**Problem to work on**:
Word for word, transcribe the data below from the line with "お嬢様風ふんわりチュールパーティードレス 結婚式発表会衣装 D" to the line with "VIN: 1FTSS34L99DA68036", keeping both of those lines.

#### Given data ####

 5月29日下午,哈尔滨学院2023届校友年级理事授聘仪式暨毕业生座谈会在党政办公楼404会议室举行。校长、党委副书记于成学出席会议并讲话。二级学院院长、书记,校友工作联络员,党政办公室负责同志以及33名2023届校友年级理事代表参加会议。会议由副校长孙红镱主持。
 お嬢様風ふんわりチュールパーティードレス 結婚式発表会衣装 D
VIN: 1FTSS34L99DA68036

####
#### Given data ####

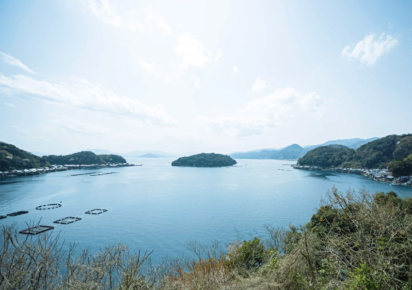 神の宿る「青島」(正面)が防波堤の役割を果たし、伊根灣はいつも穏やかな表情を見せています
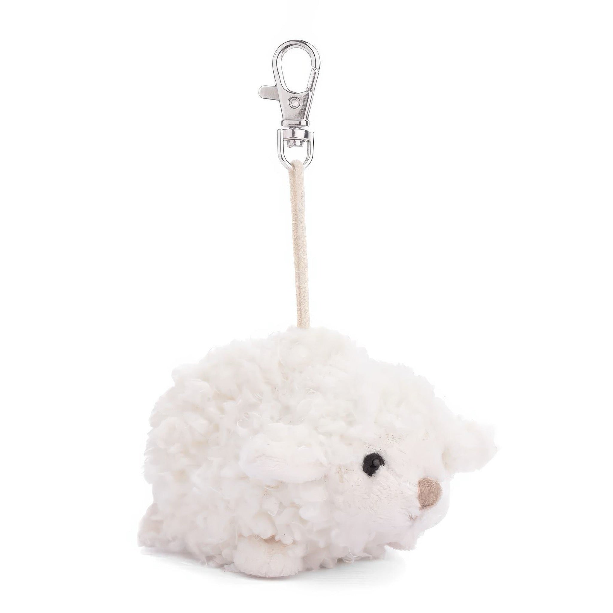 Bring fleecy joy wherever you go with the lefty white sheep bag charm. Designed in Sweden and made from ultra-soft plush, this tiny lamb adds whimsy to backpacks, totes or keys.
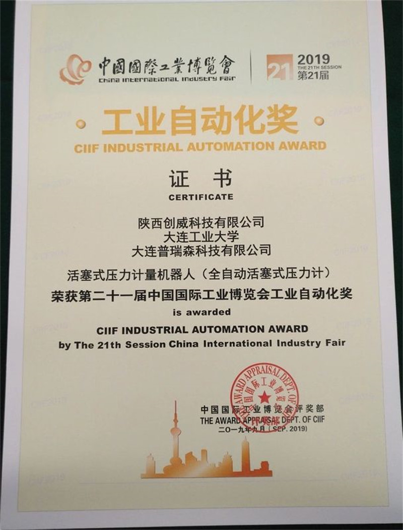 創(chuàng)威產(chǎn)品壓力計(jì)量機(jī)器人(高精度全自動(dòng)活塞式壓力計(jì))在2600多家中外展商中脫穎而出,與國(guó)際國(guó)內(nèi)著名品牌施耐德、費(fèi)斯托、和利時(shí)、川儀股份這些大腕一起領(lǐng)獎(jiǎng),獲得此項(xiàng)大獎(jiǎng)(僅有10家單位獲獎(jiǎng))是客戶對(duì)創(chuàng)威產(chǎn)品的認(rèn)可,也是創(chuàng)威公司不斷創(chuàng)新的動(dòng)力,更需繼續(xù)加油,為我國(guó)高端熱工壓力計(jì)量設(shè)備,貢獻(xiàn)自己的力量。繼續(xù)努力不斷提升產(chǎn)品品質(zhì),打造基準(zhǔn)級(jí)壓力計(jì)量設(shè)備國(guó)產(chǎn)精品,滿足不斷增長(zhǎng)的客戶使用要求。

####

**Exercise answer**:
 お嬢様風ふんわりチュールパーティードレス 結婚式発表会衣装 D
VIN: 1FTSS34L99DA68036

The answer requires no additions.